Action item: The required output holds only the lines from the one containing "10月底,黄金终结了上涨趋势" through the end of the material below, copied exactly, please, with no pictures.

Exercise materials Start Marker

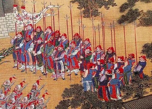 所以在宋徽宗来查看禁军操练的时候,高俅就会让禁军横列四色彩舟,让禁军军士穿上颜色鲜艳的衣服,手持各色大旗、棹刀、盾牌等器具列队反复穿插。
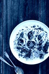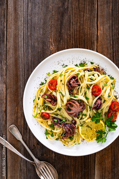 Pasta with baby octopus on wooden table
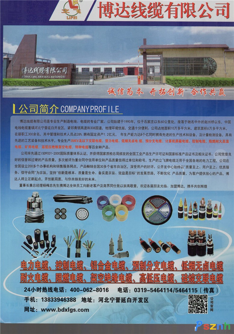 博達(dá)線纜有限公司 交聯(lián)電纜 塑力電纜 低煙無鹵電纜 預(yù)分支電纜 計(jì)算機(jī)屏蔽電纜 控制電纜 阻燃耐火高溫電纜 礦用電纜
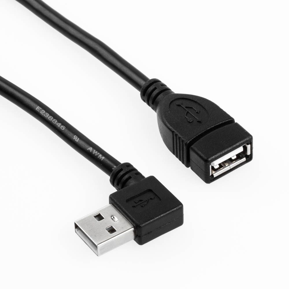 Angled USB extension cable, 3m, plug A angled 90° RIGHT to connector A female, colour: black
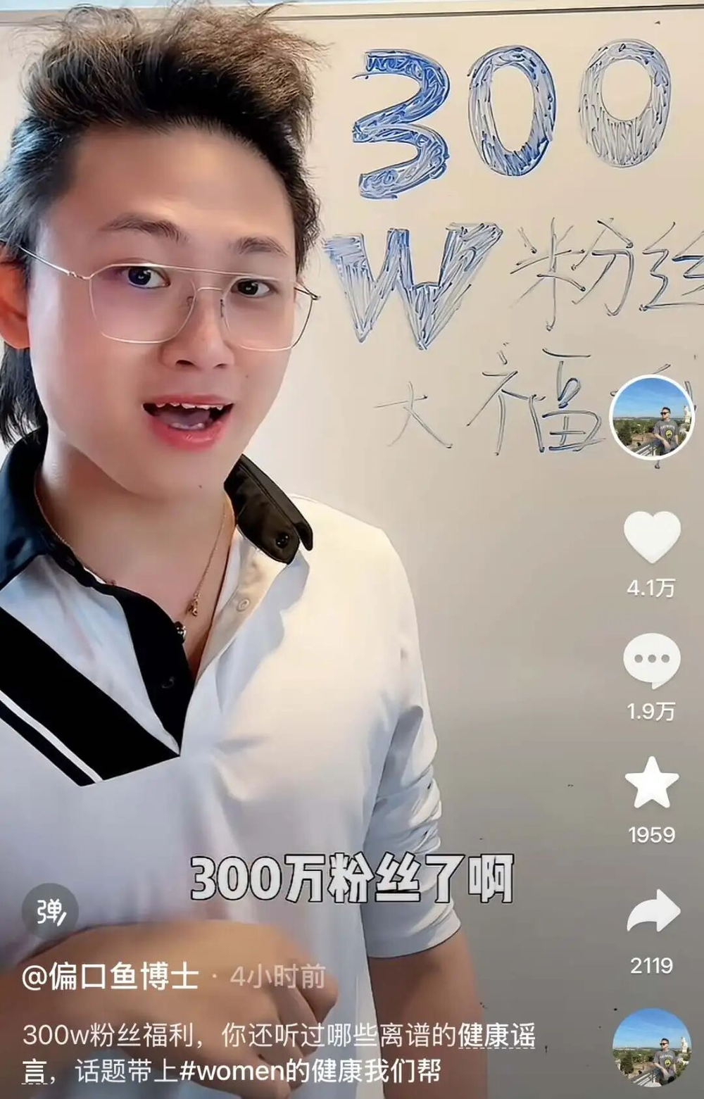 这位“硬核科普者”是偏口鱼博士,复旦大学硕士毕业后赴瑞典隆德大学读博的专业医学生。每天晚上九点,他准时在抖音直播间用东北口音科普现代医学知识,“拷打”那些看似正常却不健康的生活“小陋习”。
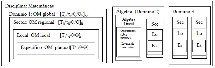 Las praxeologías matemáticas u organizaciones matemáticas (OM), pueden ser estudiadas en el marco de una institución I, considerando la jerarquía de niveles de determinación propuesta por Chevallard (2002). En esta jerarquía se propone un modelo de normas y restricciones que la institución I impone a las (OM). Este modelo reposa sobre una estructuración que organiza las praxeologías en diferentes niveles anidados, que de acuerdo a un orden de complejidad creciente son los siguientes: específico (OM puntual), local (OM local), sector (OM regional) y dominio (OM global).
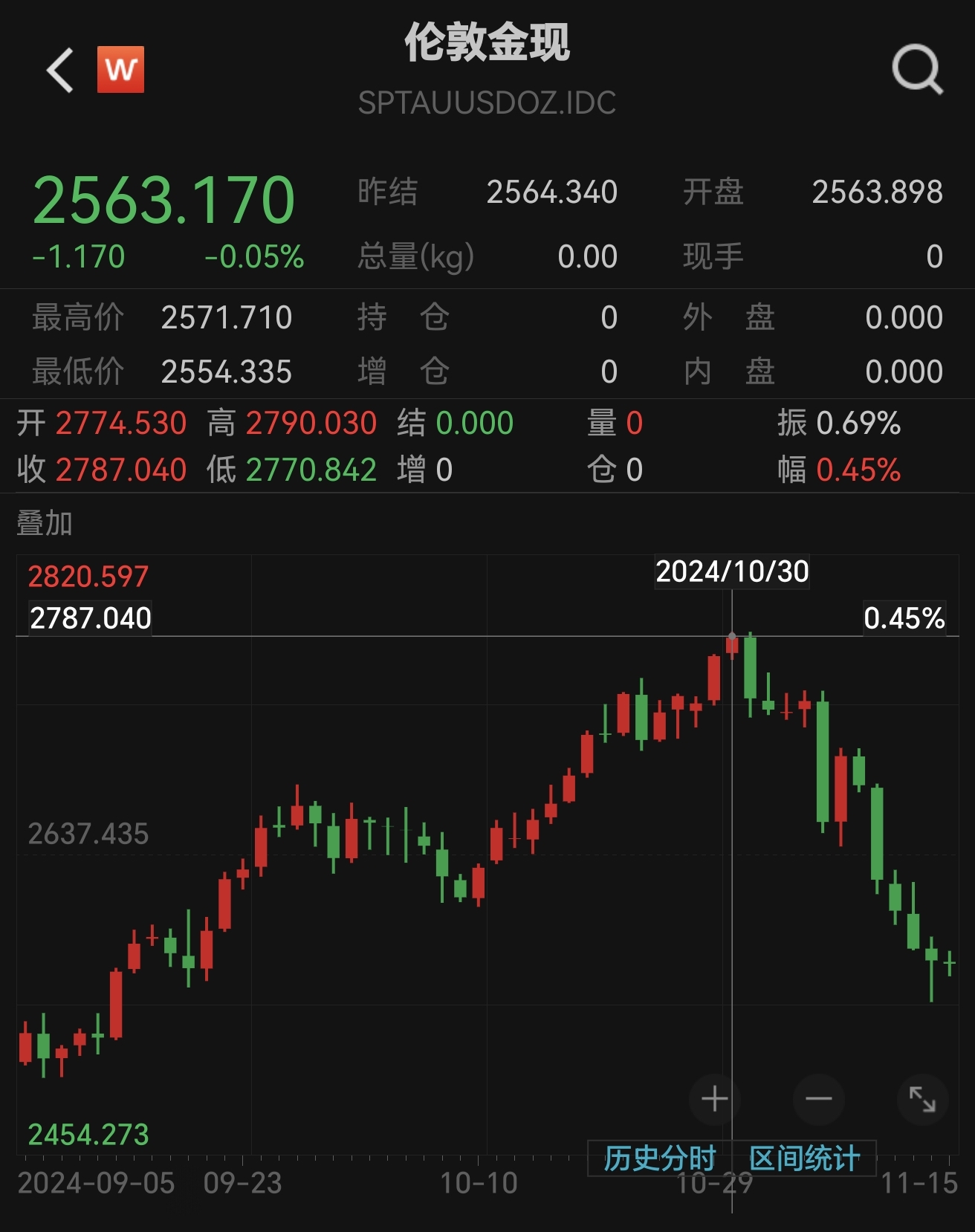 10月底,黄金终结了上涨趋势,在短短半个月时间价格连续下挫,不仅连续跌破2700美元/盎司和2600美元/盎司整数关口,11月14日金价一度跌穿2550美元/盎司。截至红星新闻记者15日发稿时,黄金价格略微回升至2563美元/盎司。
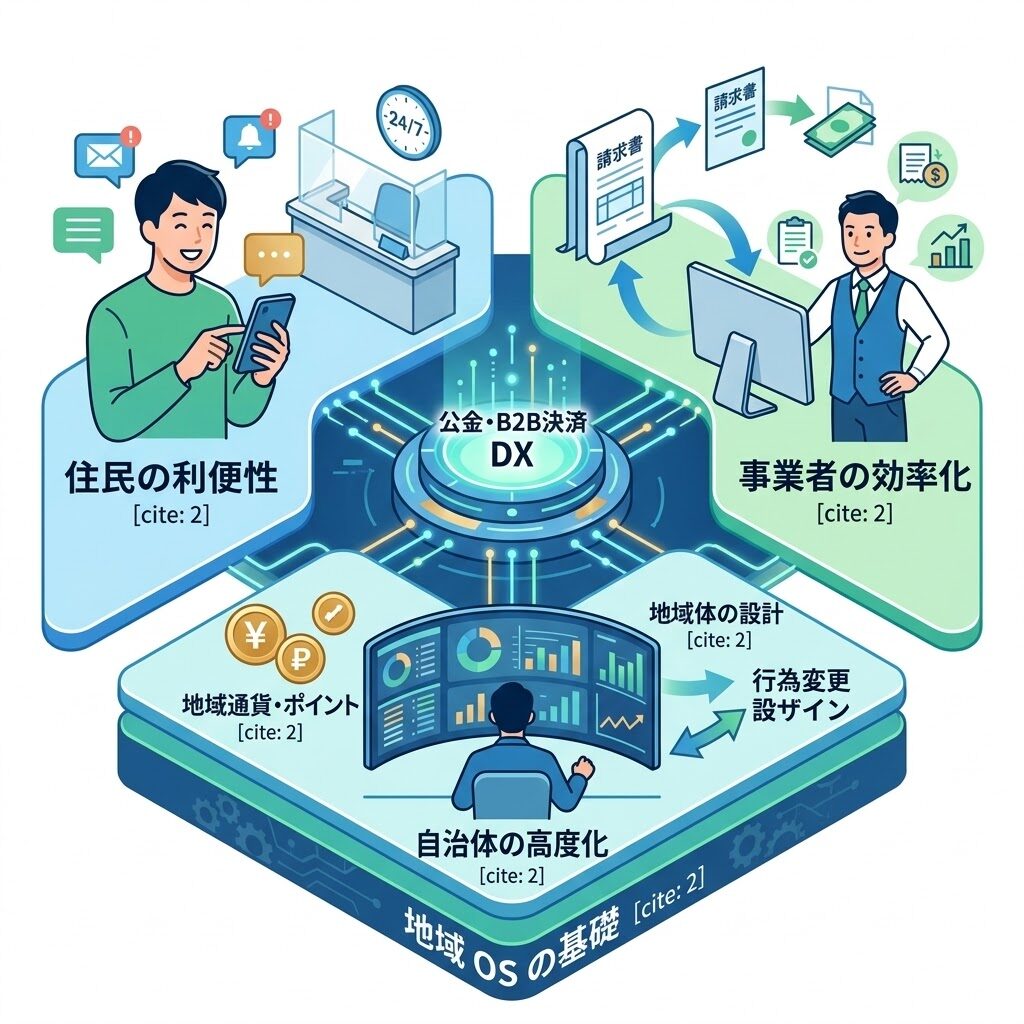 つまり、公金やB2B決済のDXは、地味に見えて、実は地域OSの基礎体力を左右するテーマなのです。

Exercise materials End Marker

Your solution:
 10月底,黄金终结了上涨趋势,在短短半个月时间价格连续下挫,不仅连续跌破2700美元/盎司和2600美元/盎司整数关口,11月14日金价一度跌穿2550美元/盎司。截至红星新闻记者15日发稿时,黄金价格略微回升至2563美元/盎司。
 つまり、公金やB2B決済のDXは、地味に見えて、実は地域OSの基礎体力を左右するテーマなのです。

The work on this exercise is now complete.